Examples of this rule inside the FSS are 42-2A (covered drugs), nitrile gloves and COVID-19 tests. Thus essentialness, material availability and worldwide pandemics need apply.
It is essential that companies monitor compliance and notify their CO if the country of origin changes to be non-compliant and in such a case such items must be removed through contract modification.
Keep in mind that as with anything involving FAR 52.225-5, you may need to provide a certificate. I would include information of the ilk even if your CO doesn’t ask for it. I always told vendors that too much is better than not enough.
FAR 52.238-81 – Price Reductions Clause (PRC)
The PRC hinges on the tracking customer or basis of award. This is a customer or category of customers parallel or somewhat parallel to the size of the government or similar in purchasing structure. It can be your most favored customer or the one with the best discounts but it doesn’t have to be. An example may be a large business or a hospital as well as an entire healthcare system. This component creates a tracking ratio which is proportionate of the awarded price compared to that price of the TC or BOA.
Three instances trigger the PRC: 1.) A change in the commercial pricelist, 2.) A change in the price of the TC/BOA and 3.) A disturbance in the tracking ratio.
The first one is simple. If your commercial prices lower than you have to lessen your government prices by atleast the same percentage change.
The second is just as simple. If your TC/BOA price lowers then same thing. Lower the price to the government by at least the same percentage change.
The third, maybe not so simple. Let’s see if I can help you. If the tracking ratio is disturbed unfavorably to the government then contract prices must be lowered. Doesn’t seem fair. Does it? COs call it price protection. The government calls it better buying power. You laugh all the way to the bank because you’re advertising and selling to the largest customer base in the entire world. Let them think they have control while you take three month exotic vacations and buy your employees luxury cars.
The tracking ratio must stay the same from the time of award and can be negotiated. I always told my vendors that 1.00 alleviates administrative burden but I would definitely agree to a funny number. Especially if it favored the government because they must like tracking and calculating data more than me but it could end up in backpayment if they forgot to track it for whatever reason.
For example,a tracking ratio of 1.00 means that prices are equal between the TC/BOA and contract pricing. Anything below means the government’s getting a better deal than the TC.

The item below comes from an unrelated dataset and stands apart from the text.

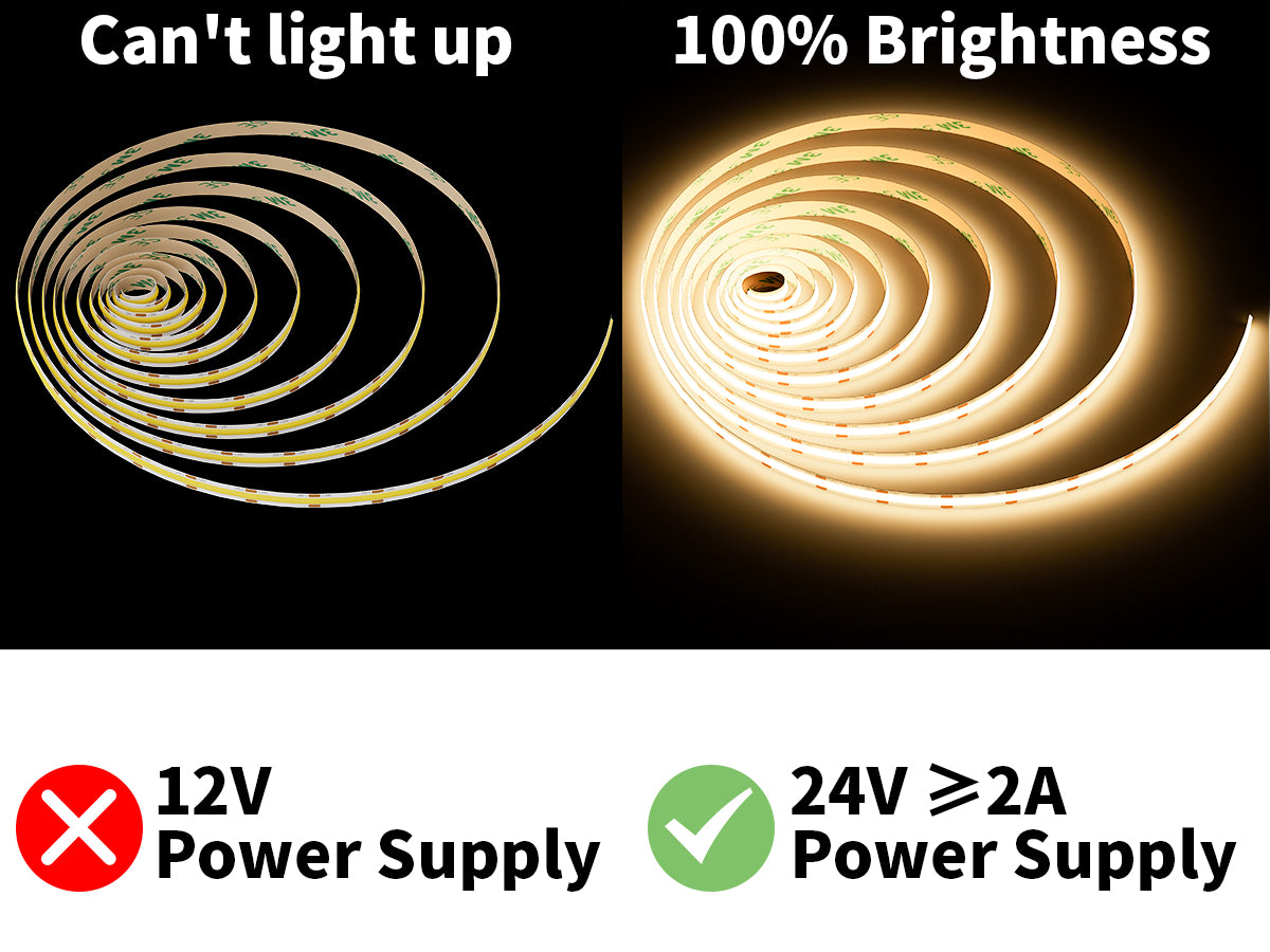 🙌The working voltage of the strip light is DC24V, other voltages are not applicable! Calculate the required wattage according to the length of the strip light, and then choose the correct 24V power supply. (Wattage ratings for strips are included in the product parameters)

Now here’s an example of ratio disturbance that’s not disturbing. Thank Wayne Simpson. We were trained in-house the same way. Good job, Hannah Zerphey!
A ratio of 0.96 occurs when the TC price is $100 and the government price is $96. However, the ratio is disturbed if the item is sold at $98 by the TC. Whereas, the agreed to ratio must remain at 0.96 and not rise to 0.98 because the government discount is smaller than originally agreed to.

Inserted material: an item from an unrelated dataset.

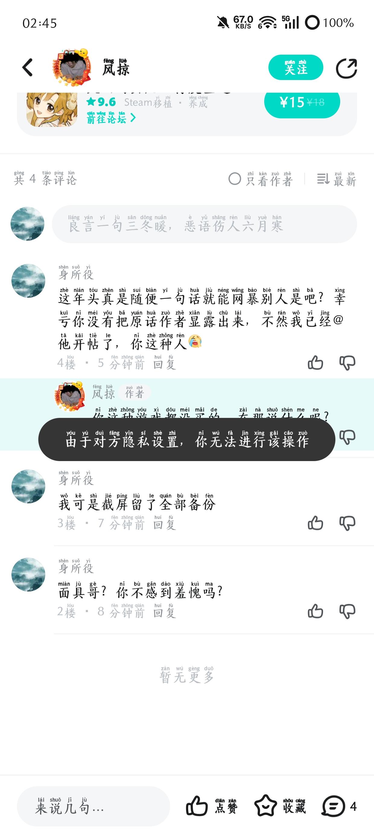 “游戏都没买,你有什么资格讲话!”来自本论坛“未知生物”,暂且称为“面具哥”,下列缘由图片,或者直接划到最后。
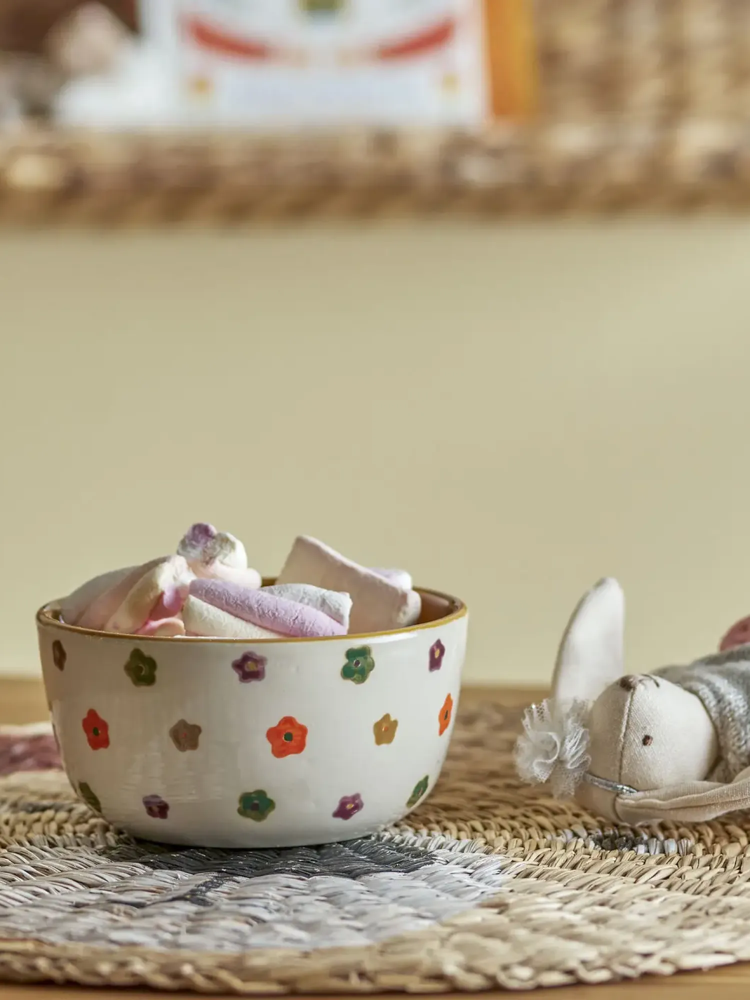 Addy Bowl fra Bloomingville MINI har et hyggeligt design med håndmalede blomster i dejlige farver, hvilket gør hver servering lidt mere speciel. Den er ideel til morgenmad, men også perfekt til at servere søde og salte snacks. Med sin perfekte størrelse til børn vil den uden tvivl blive et hit ved spisebordet. Hver skål vil være unik, da hvert penselstrøg tilføjer et personligt præg og skaber små variationer i designet.

The price reduction must be designated upon company documents and displayed through company sales.
Keep in mind, if you don’t keep track then the government will and they have powerful software that crunches every number. We had training on that, too. I’ll never forget that because a gun wielding robber broke into my apartment, threaten to kill me, took a pee and walked out with my personal and government laptops the night before! Good thing God answers prayers because he neither saw my face or opened my bedroom door.